7日間連続して電気刺激を加えた後、さらに7日間培養中の細胞を維持し、3~4日ごとに培地交換を行う。治療が完了したら、細胞形態変化を顕微鏡で分析します。MSC骨形成分化に対する電気刺激の効果を評価するために、カルシウム沈着、アルカリホスファターゼ活性、および骨形成マーカー遺伝子発現を他の場所で説明するように測定する。
MSC骨形成分化に対する1ミリメートル当たり100ミリボルトの電気刺激の効果を評価するために、3、7、および14日間の電気刺激で処理された細胞と非処理細胞を、形態変化およびカルシウム沈着を評価することによって培養14日目に分析した。細胞形態およびカルシウム沈着物の有意な変化は、7日間および14日間の電気刺激で処理された細胞で見られた。骨形成マーカー遺伝子発現変化の詳細な分析は、培養3日目、7日目、および14日目に行った。

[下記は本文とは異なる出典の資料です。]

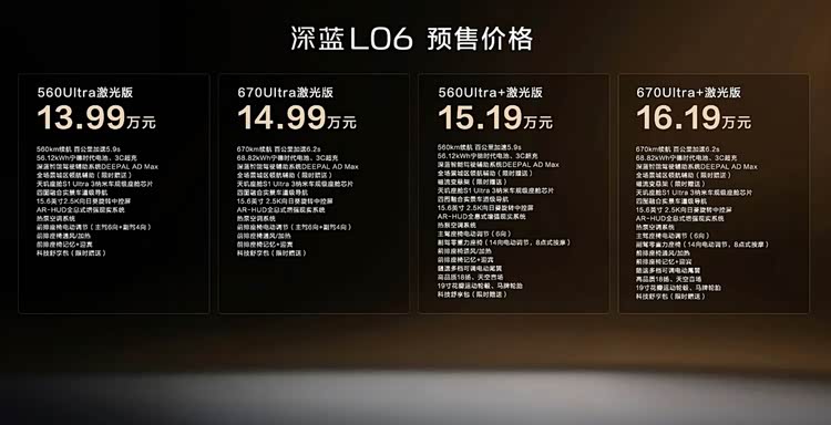 10月30日,長安汽車新能源板塊核心品牌深藍汽車,正式開啟全新車型 深藍L06(參數|詢價)的預售,售價13.99-16.19萬元。作為定位“長續航磁流變激光智能轎跑”的新車,深藍L06把300萬級超跑的磁流變懸架、特斯拉同源智駕算法、手機級3nm座艙芯片,裝進了年輕人觸手可及的價格區間,徹底打破“入門轎跑=配置閹割”的行業慣例。
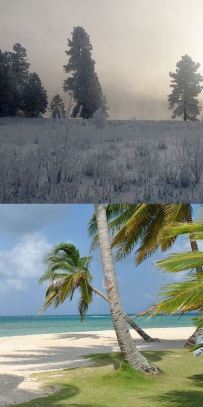 British Columbia is much milder than Alberta in the winter. Rather than letting bees sit on the frozen prairies, about 15% of Alberta hives spend the winter near the Pacific coast. An inaccurate contrast is illustrated in the photos to your left.
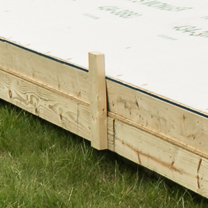 Prevent the bottom of the wall from sliding while it is being raised by attaching at least three 2' pieces of scrap to the outside skirt of the building.
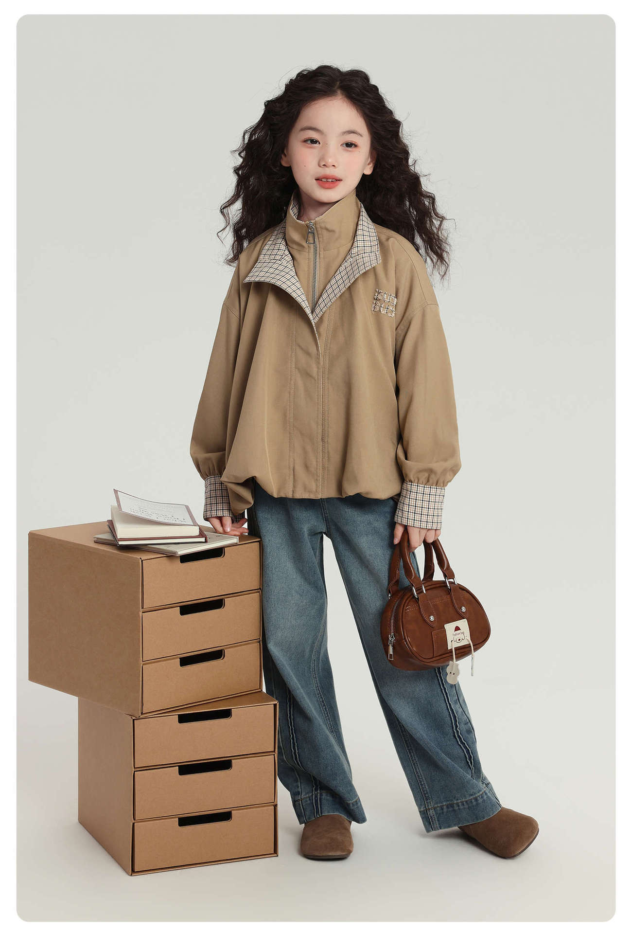 Pudding Haru 아동용 재킷 소녀 대비 색상 탑 2025 가을 신작 아동용 다용도 스탠드 칼라 아메리칸 재킷스토어 가기
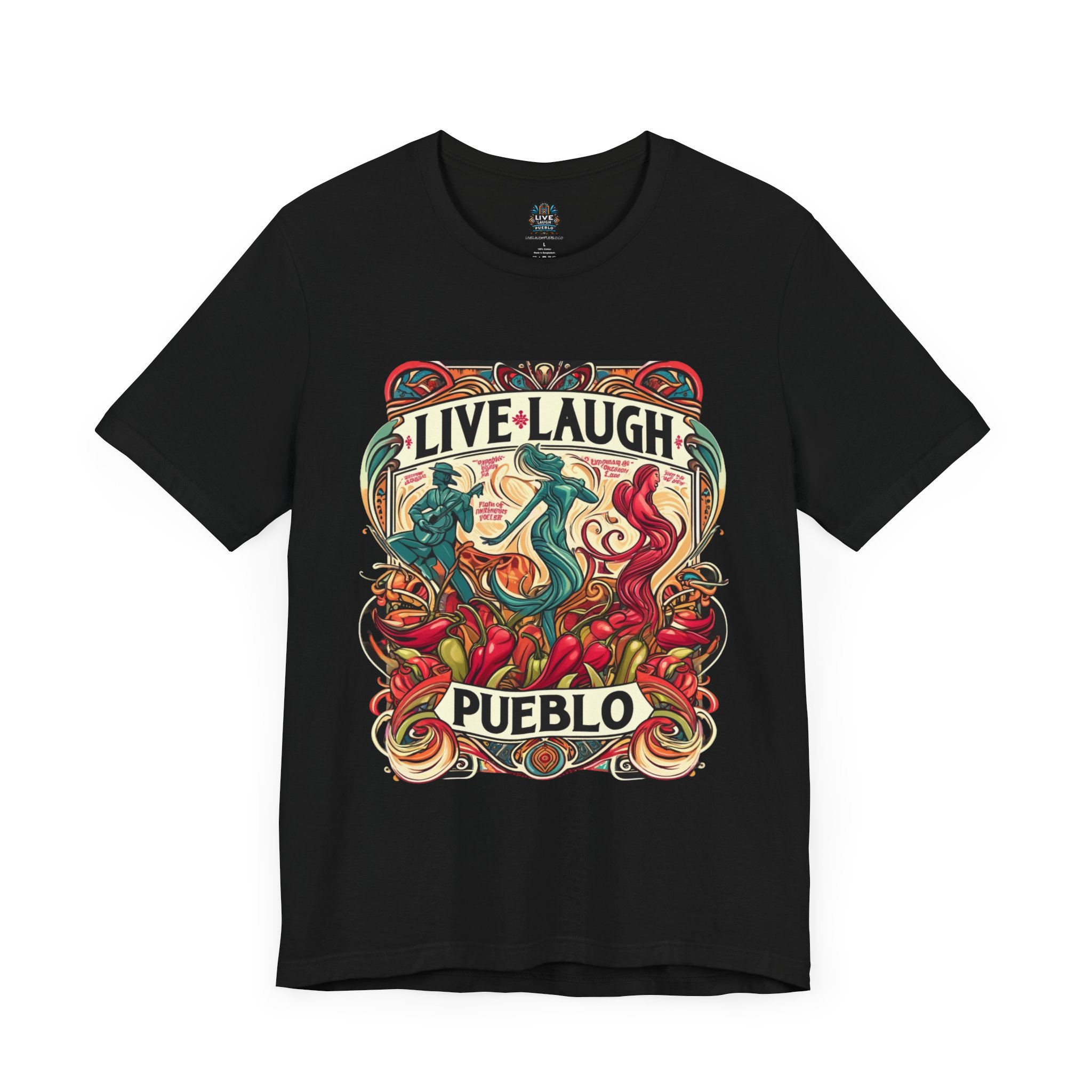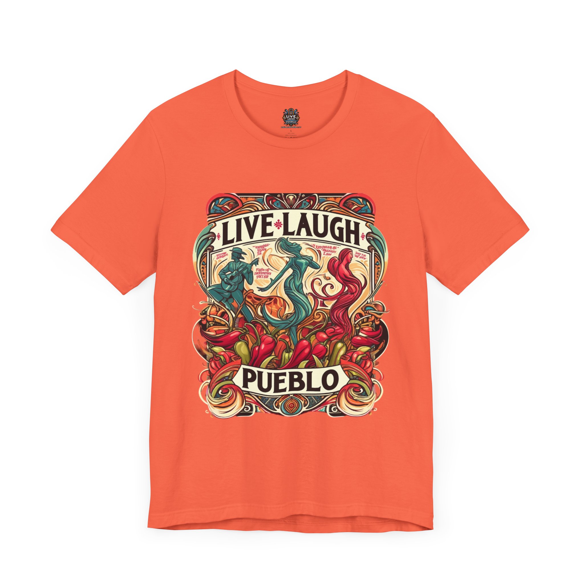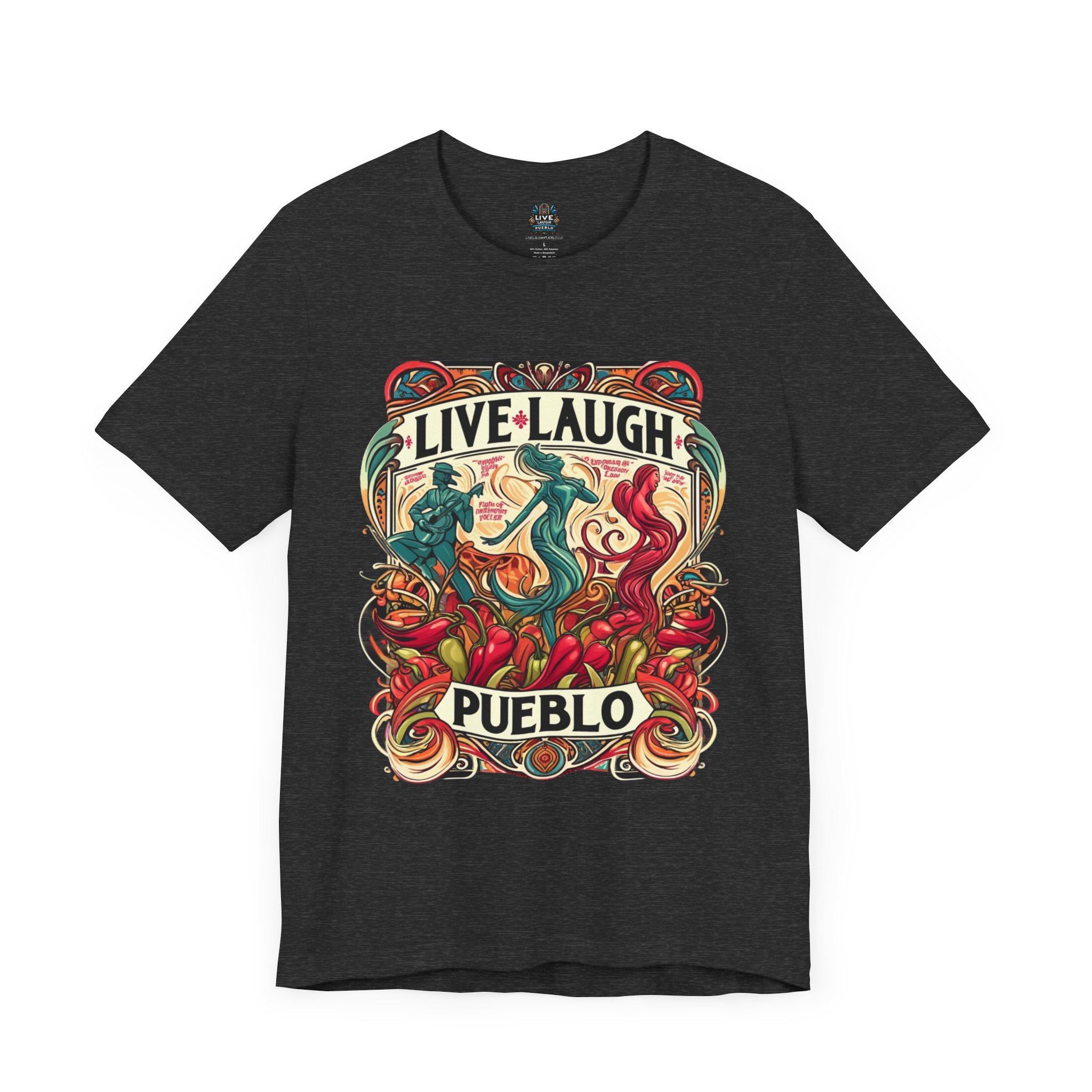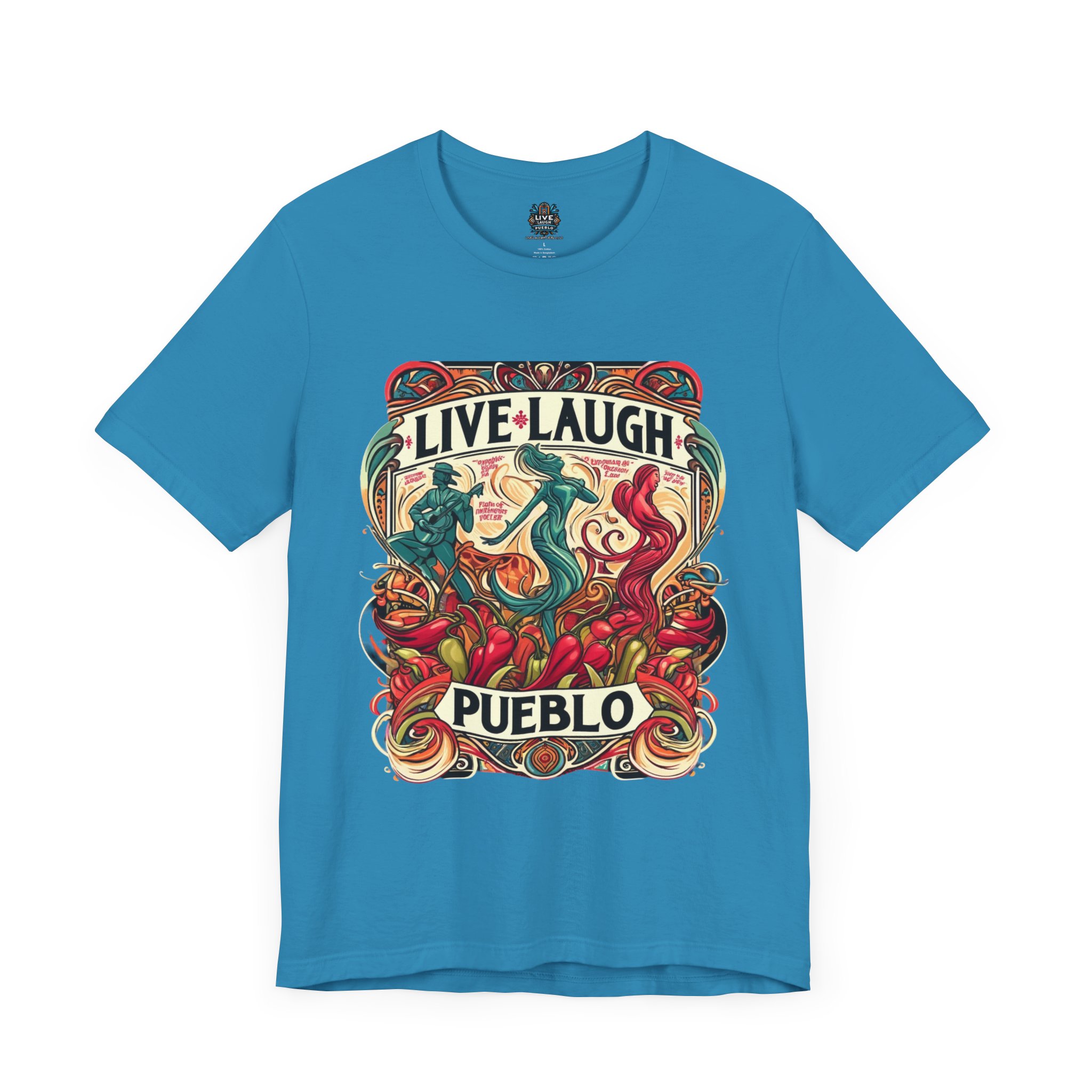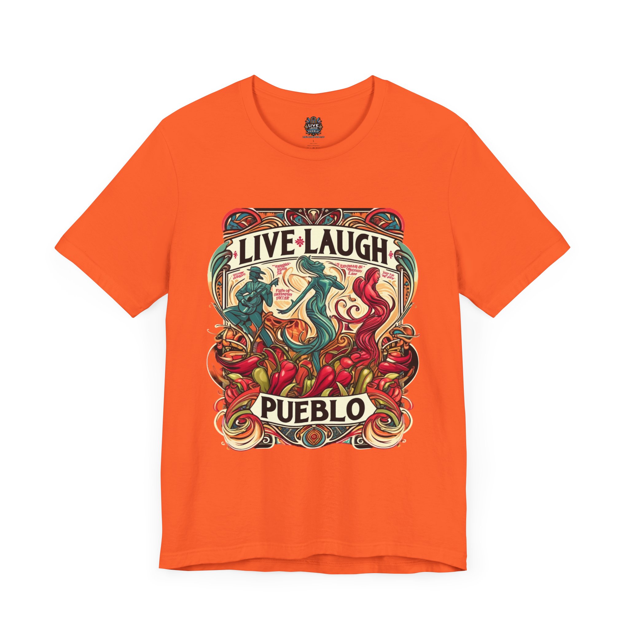 Immerse yourself in the vibrant culture of Southern Colorado and Northern New Mexico, with our “Live, Laugh, Pueblo! Art Nouveau Chile Spirit Dance Unisex Jersey Short Sleeve Tee.” This stunning tee features a captivating Art Nouveau design that celebrates Pueblo’s rich heritage and festive spirit. The intricate artwork showcases dynamic figures dancing amidst colorful chile peppers, symbolizing the lively traditions and flavors of Southern Colorado and Northern New Mexico. Made from high-quality, soft jersey fabric, this unisex short sleeve tee offers exceptional comfort and durability for everyday wear. Whether you’re attending a cultural festival, exploring the city, or relaxing at home, this tee is a stylish way to display your Pueblo spirit.

培養7日目、7日間電気刺激で処理した細胞においてRunX2発現が有意に高かった。一方、Colla1発現は7日間処理された細胞において有意に高かったのに対し、培養14日目で測定した。オステオポンチンの発現は、3日目、7日目、および14日目の培養において電気刺激細胞において有意に増加した。
Osterix発現は、コントロール細胞に全ての時点で存在せず、電気刺激にさらされた細胞における培養の7日および14日でのみ見られた。電気刺激室は比較的容易に造る。ただし、白金線の取り扱い時や、電極の洗浄や滅菌の際には、特別な注意が必要です。
私たちの部屋の電気に前処理された細胞は、単独で、または足場材料に座って、電気刺激の肯定的な効果が体外でどのように持続するかを研究するために、動物モデルに埋め込むことができます。この技術は、電気刺激が細胞機能を調節するメカニズムを研究するためのシンプルでありながら強力なツールを提供します。この知識は再生医療細胞で利用可能です。